Most readers know what it feels like to lose a pet. We’re also reminded of the carelessness of drivers and danger on busy roads. Bluebells are safe. They take us back to fields and the black dog’s puppyhood while suggesting the passing of a loved canine friend. The poet’s use of parallelism in the last two lines is reminiscent of separate lanes on a highway where traffic comes and goes. It also suggests the poet’s profound feeling of loss. The strong imagery in this poem is created not only by what exists, but also by what is missing. There is another interpretation where the black dog might represent depression.
Perhaps the poet dreams of being liberated from the path of sadness and despair. Do the “blues” become “bluebells” and does the black dog become a playful puppy? This intriguing, multilayered poem is rich in dreaming room.

sudden chill
a dragonfly skip jives
with its reflection . . .
when did you stop
finding us amazing

        Marion Clarke
        Warrenpoint, Northern Ireland

This poem’s reference to the dragonfly’s reflection segues beautifully into the poet’s internal reflection and sudden realization evoked by the image.

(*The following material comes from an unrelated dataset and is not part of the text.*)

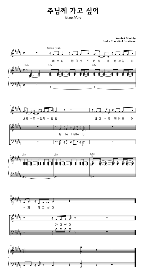 | 주님께 가고 싶어 | 성가 4부 + 피아노 반주 |

The question is rhetorical and indicative of a relationship that is no longer revered and cherished. Is the poem about an adult relationship that’s lost its spark or a parent-child relationship? Perhaps the tanka is exploring what happens when children are not nourished with encouragement. We all want to “amaze” our parents. Often we don’t and spend our lives seeking some gesture of affection and recognition of our achievements. Sometimes parents forget to acknowledge children when they become adults. In other families one child receives all the attention. The dragonfly’s skip jive is almost like the heartbeat of a child waiting for those positive words. Relationships are fragile and this is an important, topical poem.